This implies that the the SARS-CoV-2 3CL-pro is extremely similar in activity to the previous one.
These peptide sequences might be useful to others who are looking for substrate transition states as a target. I’ve been doing some Autodock Vina + subselection of poses work towards this end here: https://github.com/QuantumCorona/SARS-CoV2-OligopeptideTS/tree/master/0009-gen_dock_peptides
[1] Goetz, D. H., Choe, Y., Hansell, E., Chen, Y. T., McDowell, M., Jonsson, C. B., … Craik, C. S. (2007). Substrate Specificity Profiling and Identification of a New Class of Inhibitor for the Major Protease of the SARS Coronavirus,. Biochemistry , 46 (30), 8744–8752. https://doi.org/10.1021/bi0621415
[2] Gao, F., Ou, H.-Y., Chen, L.-L., Zheng, W.-X., Zhang, C.-T. (2003).

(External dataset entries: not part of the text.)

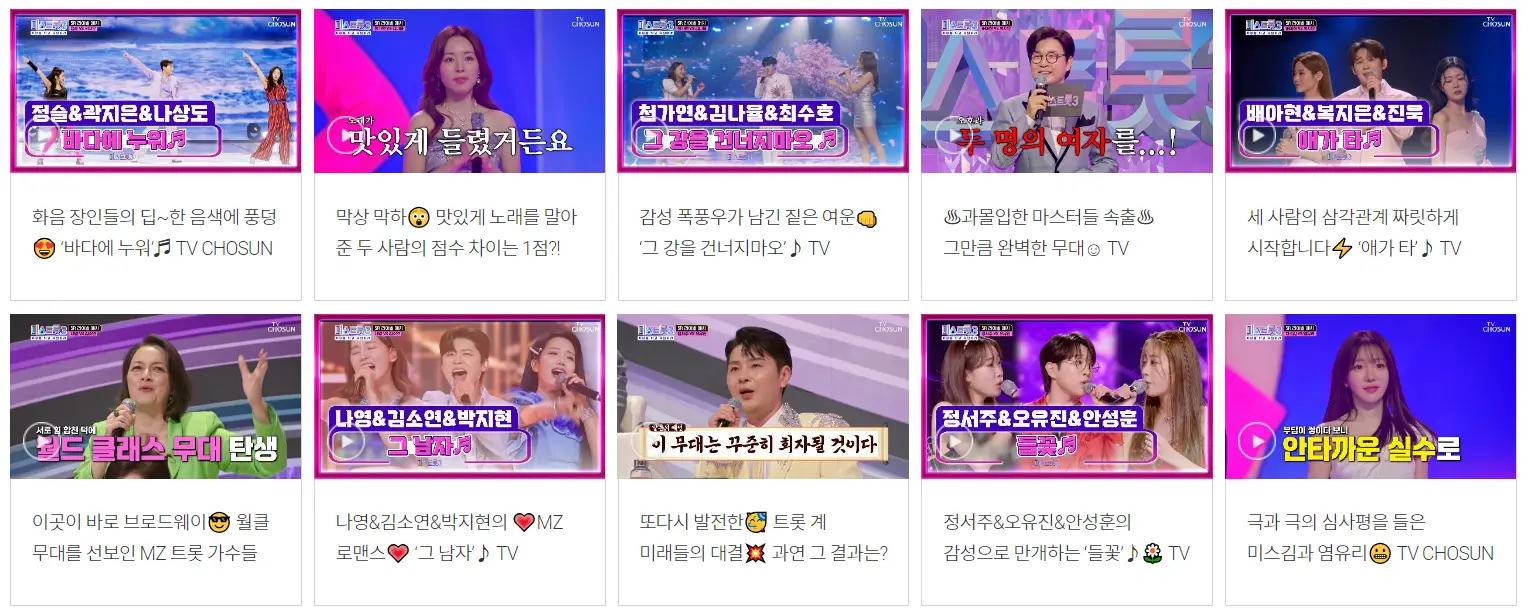 놓쳤던 명장면을 언제든 다시 볼 수 있는 미스트롯 3 명장면 다시 보기로 편한 시간 언제든지 다시 볼 수 있습니다.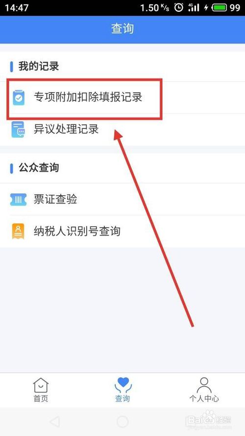 3、在查询界面找到我的记录,点击【专项附加填报记录】,如下图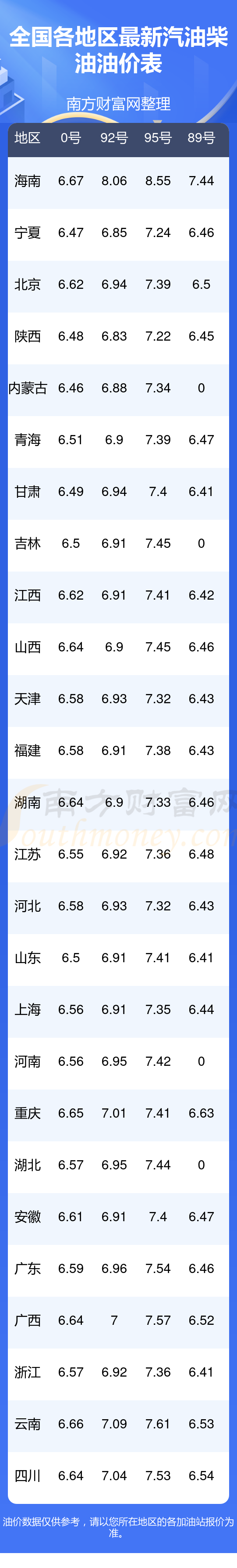 油價數(shù)據(jù)僅供參考,請以您所在地區(qū)的加油站報價為準。南方財富網(wǎng)發(fā)布此信息的目的在于傳播更多信息,對使用該油價信息所導(dǎo)致的結(jié)果概不承擔任何責任。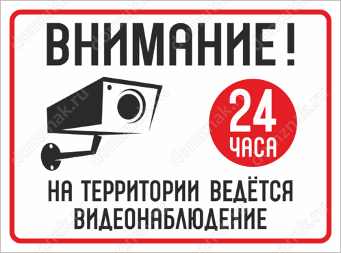 Табличка «Внимание! Ведётся видеонаблюдение 24 часа»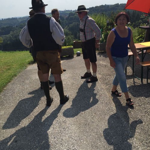 Auf der Heimfahrt gab es noch einen Zwischenstopp auf unserem "Hohenberg" wo Thomas L. seinen wunderschön restaurierten, mehrere hundert Jahre alten Bauernhof mit einem gediegenem Fest und musikalischer Umrahmung durch "Knöpferlstreich", der aktuell beliebtesten Volksmusikgruppe der Steiermark, einweihte.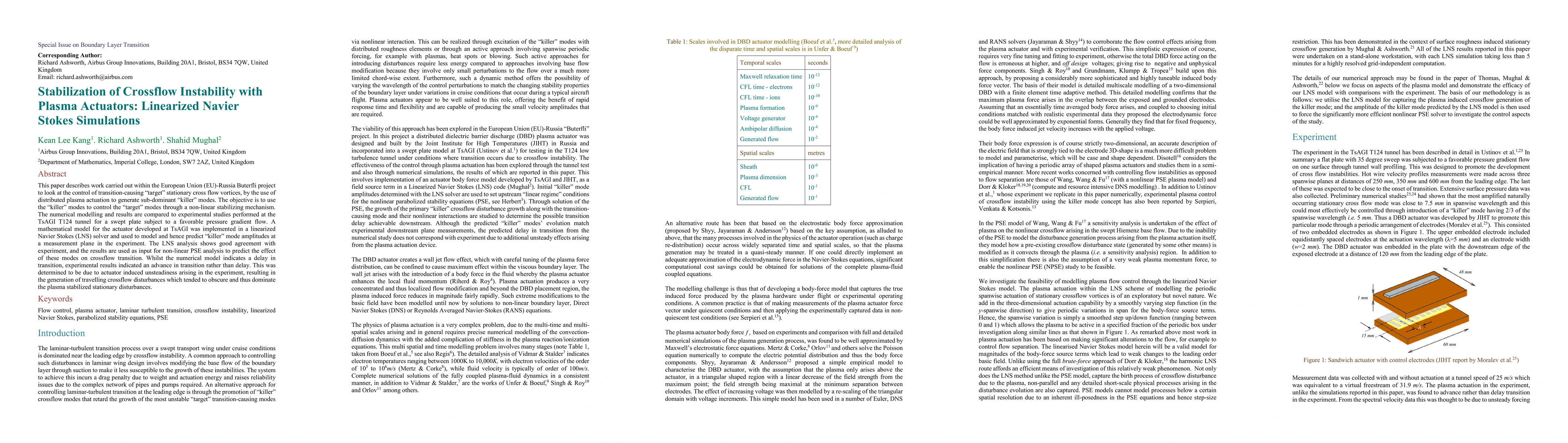 This paper describes work carried out within the European Union (EU)-Russia Buterfli project to look at the control of transition-causing "target" stationary cross flow vortices, by the use of distributed plasma actuation to generate sub-dominant "killer" modes. The objective is to use the "killer" modes to control the "target" modes through a non-linear stabilizing mechanism. The numerical modelling and results are compared to experimental studies performed at the TsAGI T124 tunnel for a swept plate subject to a favorable pressure gradient flow. A mathematical model for the actuator developed at TsAGI was implemented in a linearized Navier Stokes (LNS) solver and used to model and hence predict "killer" mode amplitudes at a measurement plane in the experiment. The LNS analysis shows good agreement with experiment, and the results are used as input for non-linear PSE analysis to predict the effect of these modes on crossflow transition. Whilst the numerical model indicates a delay in transition, experimental results indicated an advance in transition rather than delay. This was determined to be due to actuator induced unsteadiness arising in the experiment, resulting in the generation of travelling crossflow disturbances which tended to obscure and thus dominate the plasma stabilized stationary disturbances.

Prediction of proteinase cleavage sites in polyproteins of coronaviruses and its applications in analyzing SARS-CoV genomes. FEBS Letters , 553 (3), 451–456. https://doi.org/10.1016/S0014-5793(03)01091-3
Is there a consensus about whether there is a realistic chance of designing a selective SARS-CoV-2 inhibitor? Should the submitted molecules be reviewed and priorities decided based on selectivity? Does any-one know if the protease inhibitor approved drugs have been tested for Covid-19 therapeutic benefits?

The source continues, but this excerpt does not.